> **Work required**:
All of the data must be written out verbatim, with pictures excluded.

> **Recorded data**:
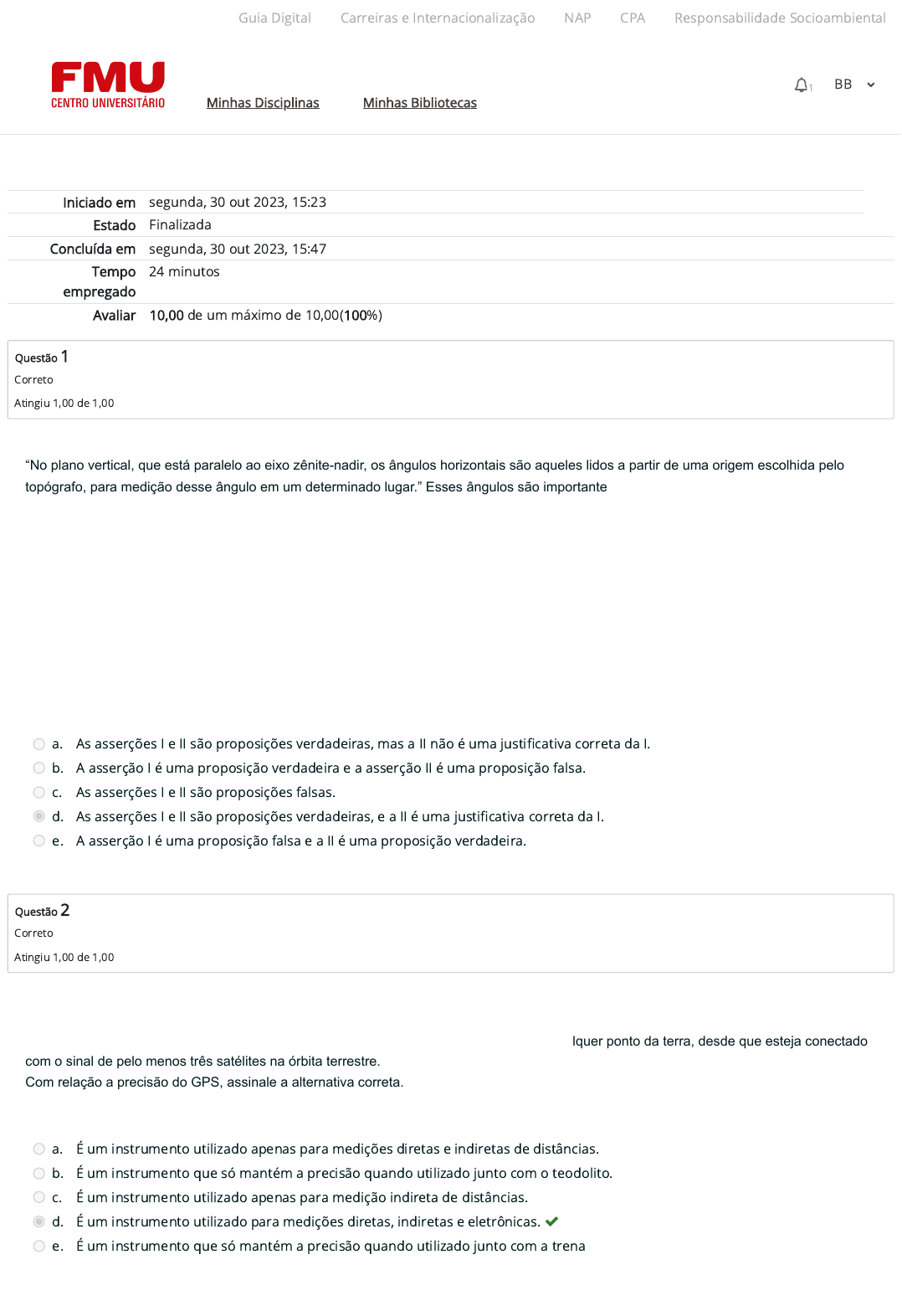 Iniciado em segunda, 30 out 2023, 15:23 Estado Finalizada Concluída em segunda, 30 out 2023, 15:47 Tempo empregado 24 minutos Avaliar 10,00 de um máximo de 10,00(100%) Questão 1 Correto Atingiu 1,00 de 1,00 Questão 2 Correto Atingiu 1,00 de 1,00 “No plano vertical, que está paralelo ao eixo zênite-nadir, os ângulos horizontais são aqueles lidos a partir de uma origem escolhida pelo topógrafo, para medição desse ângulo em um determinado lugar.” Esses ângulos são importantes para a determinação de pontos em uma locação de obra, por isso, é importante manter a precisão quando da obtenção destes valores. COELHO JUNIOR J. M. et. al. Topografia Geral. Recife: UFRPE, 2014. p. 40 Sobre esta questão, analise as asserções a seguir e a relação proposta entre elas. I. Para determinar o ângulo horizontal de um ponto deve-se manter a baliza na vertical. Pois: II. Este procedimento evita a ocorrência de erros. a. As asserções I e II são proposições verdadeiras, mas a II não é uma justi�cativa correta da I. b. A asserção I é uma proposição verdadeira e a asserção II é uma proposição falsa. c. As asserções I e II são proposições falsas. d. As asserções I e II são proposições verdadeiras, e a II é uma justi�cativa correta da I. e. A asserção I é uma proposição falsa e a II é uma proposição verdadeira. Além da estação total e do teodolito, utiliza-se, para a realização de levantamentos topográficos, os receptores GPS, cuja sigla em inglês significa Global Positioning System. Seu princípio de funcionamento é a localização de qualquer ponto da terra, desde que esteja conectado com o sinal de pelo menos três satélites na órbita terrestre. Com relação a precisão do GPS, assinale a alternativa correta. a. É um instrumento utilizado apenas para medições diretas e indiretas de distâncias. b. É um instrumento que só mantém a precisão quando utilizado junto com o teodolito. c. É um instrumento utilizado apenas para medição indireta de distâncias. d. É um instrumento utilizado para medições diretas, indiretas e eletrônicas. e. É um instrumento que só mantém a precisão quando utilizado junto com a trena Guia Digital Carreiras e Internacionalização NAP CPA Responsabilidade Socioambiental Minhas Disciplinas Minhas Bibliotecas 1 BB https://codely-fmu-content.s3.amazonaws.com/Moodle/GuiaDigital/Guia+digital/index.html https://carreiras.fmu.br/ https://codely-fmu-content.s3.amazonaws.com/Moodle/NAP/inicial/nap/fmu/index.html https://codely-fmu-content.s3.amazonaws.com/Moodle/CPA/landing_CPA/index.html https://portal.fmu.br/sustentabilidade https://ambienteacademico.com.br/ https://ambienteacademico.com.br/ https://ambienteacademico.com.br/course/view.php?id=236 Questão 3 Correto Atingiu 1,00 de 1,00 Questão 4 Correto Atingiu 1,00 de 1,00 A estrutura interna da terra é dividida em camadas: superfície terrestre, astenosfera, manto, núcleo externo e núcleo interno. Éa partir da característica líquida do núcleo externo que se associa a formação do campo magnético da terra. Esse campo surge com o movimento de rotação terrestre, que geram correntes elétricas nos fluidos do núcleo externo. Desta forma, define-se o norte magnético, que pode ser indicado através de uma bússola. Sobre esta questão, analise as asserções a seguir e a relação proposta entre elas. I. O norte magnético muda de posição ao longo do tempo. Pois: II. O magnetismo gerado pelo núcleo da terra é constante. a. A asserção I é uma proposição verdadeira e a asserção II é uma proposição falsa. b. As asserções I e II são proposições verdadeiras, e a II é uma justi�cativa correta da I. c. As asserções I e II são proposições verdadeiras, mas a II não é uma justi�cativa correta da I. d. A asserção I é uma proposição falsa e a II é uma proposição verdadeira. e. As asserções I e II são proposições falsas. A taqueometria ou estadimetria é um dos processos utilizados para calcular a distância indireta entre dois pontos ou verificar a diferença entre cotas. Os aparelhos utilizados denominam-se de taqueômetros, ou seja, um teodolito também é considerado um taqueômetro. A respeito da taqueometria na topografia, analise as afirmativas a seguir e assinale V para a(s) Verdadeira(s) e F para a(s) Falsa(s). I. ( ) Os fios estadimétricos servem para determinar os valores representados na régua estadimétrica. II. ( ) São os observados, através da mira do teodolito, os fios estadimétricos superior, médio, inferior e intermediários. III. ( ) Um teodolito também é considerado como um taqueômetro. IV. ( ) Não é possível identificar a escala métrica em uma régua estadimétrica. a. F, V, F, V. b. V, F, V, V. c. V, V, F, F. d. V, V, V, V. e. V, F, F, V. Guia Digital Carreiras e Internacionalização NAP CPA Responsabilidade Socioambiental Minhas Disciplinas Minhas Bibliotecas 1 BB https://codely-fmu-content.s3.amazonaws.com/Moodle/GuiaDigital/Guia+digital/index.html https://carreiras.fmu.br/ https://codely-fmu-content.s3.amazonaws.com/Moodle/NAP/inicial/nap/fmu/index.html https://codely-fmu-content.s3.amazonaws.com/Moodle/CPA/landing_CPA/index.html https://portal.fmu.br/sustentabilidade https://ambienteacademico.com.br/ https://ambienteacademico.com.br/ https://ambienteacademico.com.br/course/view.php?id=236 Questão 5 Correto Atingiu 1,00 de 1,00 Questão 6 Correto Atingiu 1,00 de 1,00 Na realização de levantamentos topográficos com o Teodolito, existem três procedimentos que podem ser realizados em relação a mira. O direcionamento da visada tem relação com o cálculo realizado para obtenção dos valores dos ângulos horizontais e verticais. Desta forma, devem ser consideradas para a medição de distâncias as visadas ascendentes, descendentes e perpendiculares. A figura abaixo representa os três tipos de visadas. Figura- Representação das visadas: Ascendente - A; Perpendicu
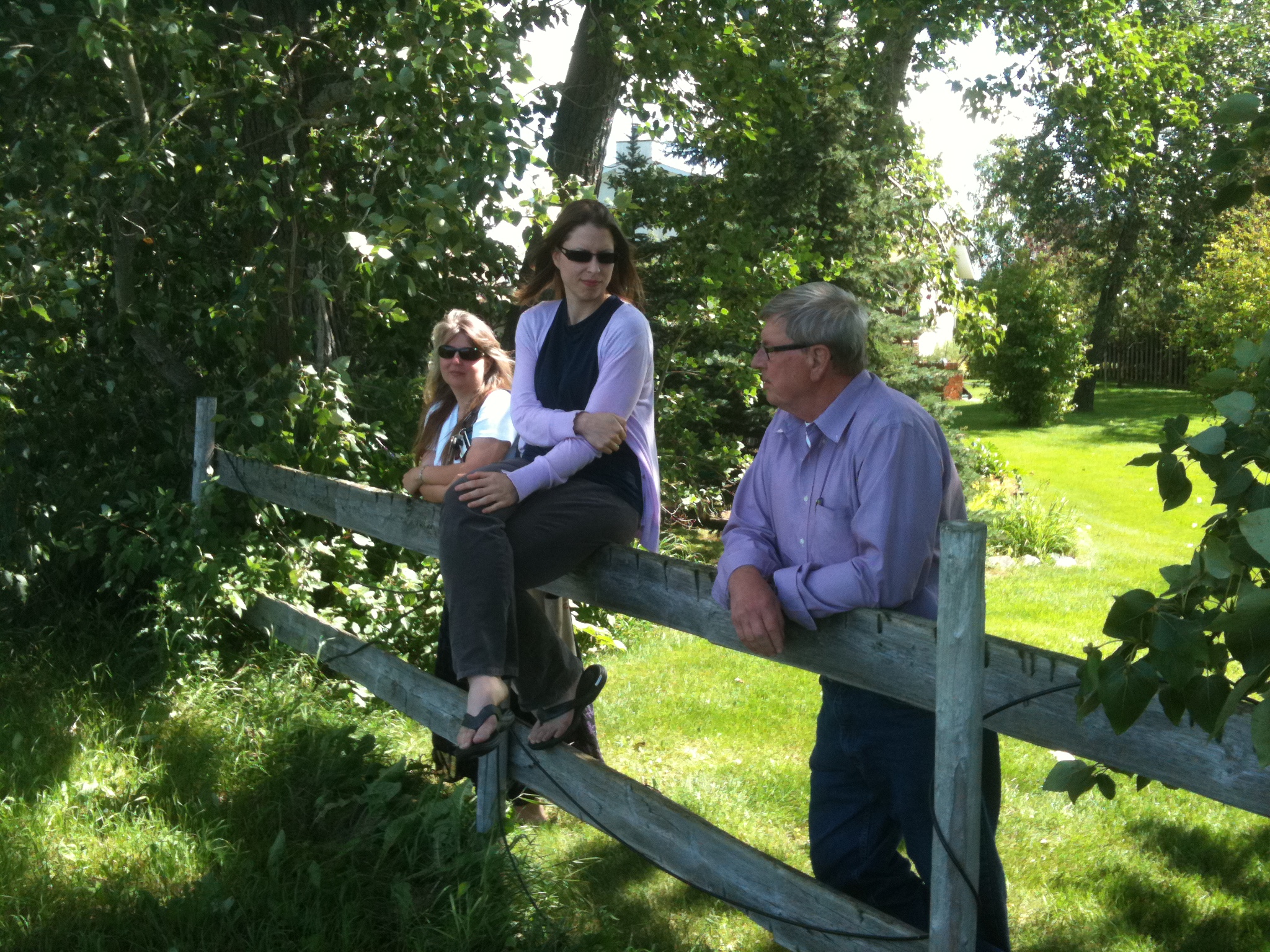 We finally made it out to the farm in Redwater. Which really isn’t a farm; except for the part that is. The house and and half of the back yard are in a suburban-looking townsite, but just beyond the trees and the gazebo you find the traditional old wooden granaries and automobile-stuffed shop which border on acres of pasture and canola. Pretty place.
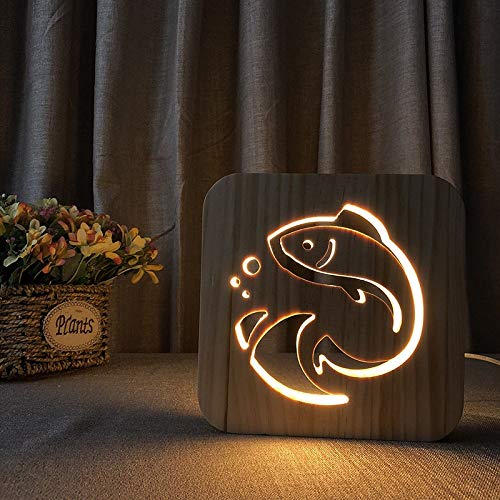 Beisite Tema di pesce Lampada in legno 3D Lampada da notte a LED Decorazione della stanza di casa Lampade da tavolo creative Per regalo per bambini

> **Reply to the exercise**:
 Iniciado em segunda, 30 out 2023, 15:23 Estado Finalizada Concluída em segunda, 30 out 2023, 15:47 Tempo empregado 24 minutos Avaliar 10,00 de um máximo de 10,00(100%) Questão 1 Correto Atingiu 1,00 de 1,00 Questão 2 Correto Atingiu 1,00 de 1,00 “No plano vertical, que está paralelo ao eixo zênite-nadir, os ângulos horizontais são aqueles lidos a partir de uma origem escolhida pelo topógrafo, para medição desse ângulo em um determinado lugar.” Esses ângulos são importantes para a determinação de pontos em uma locação de obra, por isso, é importante manter a precisão quando da obtenção destes valores. COELHO JUNIOR J. M. et. al. Topografia Geral. Recife: UFRPE, 2014. p. 40 Sobre esta questão, analise as asserções a seguir e a relação proposta entre elas. I. Para determinar o ângulo horizontal de um ponto deve-se manter a baliza na vertical. Pois: II. Este procedimento evita a ocorrência de erros. a. As asserções I e II são proposições verdadeiras, mas a II não é uma justi�cativa correta da I. b. A asserção I é uma proposição verdadeira e a asserção II é uma proposição falsa. c. As asserções I e II são proposições falsas. d. As asserções I e II são proposições verdadeiras, e a II é uma justi�cativa correta da I. e. A asserção I é uma proposição falsa e a II é uma proposição verdadeira. Além da estação total e do teodolito, utiliza-se, para a realização de levantamentos topográficos, os receptores GPS, cuja sigla em inglês significa Global Positioning System. Seu princípio de funcionamento é a localização de qualquer ponto da terra, desde que esteja conectado com o sinal de pelo menos três satélites na órbita terrestre. Com relação a precisão do GPS, assinale a alternativa correta. a. É um instrumento utilizado apenas para medições diretas e indiretas de distâncias. b. É um instrumento que só mantém a precisão quando utilizado junto com o teodolito. c. É um instrumento utilizado apenas para medição indireta de distâncias. d. É um instrumento utilizado para medições diretas, indiretas e eletrônicas. e. É um instrumento que só mantém a precisão quando utilizado junto com a trena Guia Digital Carreiras e Internacionalização NAP CPA Responsabilidade Socioambiental Minhas Disciplinas Minhas Bibliotecas 1 BB https://codely-fmu-content.s3.amazonaws.com/Moodle/GuiaDigital/Guia+digital/index.html https://carreiras.fmu.br/ https://codely-fmu-content.s3.amazonaws.com/Moodle/NAP/inicial/nap/fmu/index.html https://codely-fmu-content.s3.amazonaws.com/Moodle/CPA/landing_CPA/index.html https://portal.fmu.br/sustentabilidade https://ambienteacademico.com.br/ https://ambienteacademico.com.br/ https://ambienteacademico.com.br/course/view.php?id=236 Questão 3 Correto Atingiu 1,00 de 1,00 Questão 4 Correto Atingiu 1,00 de 1,00 A estrutura interna da terra é dividida em camadas: superfície terrestre, astenosfera, manto, núcleo externo e núcleo interno. Éa partir da característica líquida do núcleo externo que se associa a formação do campo magnético da terra. Esse campo surge com o movimento de rotação terrestre, que geram correntes elétricas nos fluidos do núcleo externo. Desta forma, define-se o norte magnético, que pode ser indicado através de uma bússola. Sobre esta questão, analise as asserções a seguir e a relação proposta entre elas. I. O norte magnético muda de posição ao longo do tempo. Pois: II. O magnetismo gerado pelo núcleo da terra é constante. a. A asserção I é uma proposição verdadeira e a asserção II é uma proposição falsa. b. As asserções I e II são proposições verdadeiras, e a II é uma justi�cativa correta da I. c. As asserções I e II são proposições verdadeiras, mas a II não é uma justi�cativa correta da I. d. A asserção I é uma proposição falsa e a II é uma proposição verdadeira. e. As asserções I e II são proposições falsas. A taqueometria ou estadimetria é um dos processos utilizados para calcular a distância indireta entre dois pontos ou verificar a diferença entre cotas. Os aparelhos utilizados denominam-se de taqueômetros, ou seja, um teodolito também é considerado um taqueômetro. A respeito da taqueometria na topografia, analise as afirmativas a seguir e assinale V para a(s) Verdadeira(s) e F para a(s) Falsa(s). I. ( ) Os fios estadimétricos servem para determinar os valores representados na régua estadimétrica. II. ( ) São os observados, através da mira do teodolito, os fios estadimétricos superior, médio, inferior e intermediários. III. ( ) Um teodolito também é considerado como um taqueômetro. IV. ( ) Não é possível identificar a escala métrica em uma régua estadimétrica. a. F, V, F, V. b. V, F, V, V. c. V, V, F, F. d. V, V, V, V. e. V, F, F, V. Guia Digital Carreiras e Internacionalização NAP CPA Responsabilidade Socioambiental Minhas Disciplinas Minhas Bibliotecas 1 BB https://codely-fmu-content.s3.amazonaws.com/Moodle/GuiaDigital/Guia+digital/index.html https://carreiras.fmu.br/ https://codely-fmu-content.s3.amazonaws.com/Moodle/NAP/inicial/nap/fmu/index.html https://codely-fmu-content.s3.amazonaws.com/Moodle/CPA/landing_CPA/index.html https://portal.fmu.br/sustentabilidade https://ambienteacademico.com.br/ https://ambienteacademico.com.br/ https://ambienteacademico.com.br/course/view.php?id=236 Questão 5 Correto Atingiu 1,00 de 1,00 Questão 6 Correto Atingiu 1,00 de 1,00 Na realização de levantamentos topográficos com o Teodolito, existem três procedimentos que podem ser realizados em relação a mira. O direcionamento da visada tem relação com o cálculo realizado para obtenção dos valores dos ângulos horizontais e verticais. Desta forma, devem ser consideradas para a medição de distâncias as visadas ascendentes, descendentes e perpendiculares. A figura abaixo representa os três tipos de visadas. Figura- Representação das visadas: Ascendente - A; Perpendicu
 We finally made it out to the farm in Redwater. Which really isn’t a farm; except for the part that is. The house and and half of the back yard are in a suburban-looking townsite, but just beyond the trees and the gazebo you find the traditional old wooden granaries and automobile-stuffed shop which border on acres of pasture and canola. Pretty place.
 Beisite Tema di pesce Lampada in legno 3D Lampada da notte a LED Decorazione della stanza di casa Lampade da tavolo creative Per regalo per bambini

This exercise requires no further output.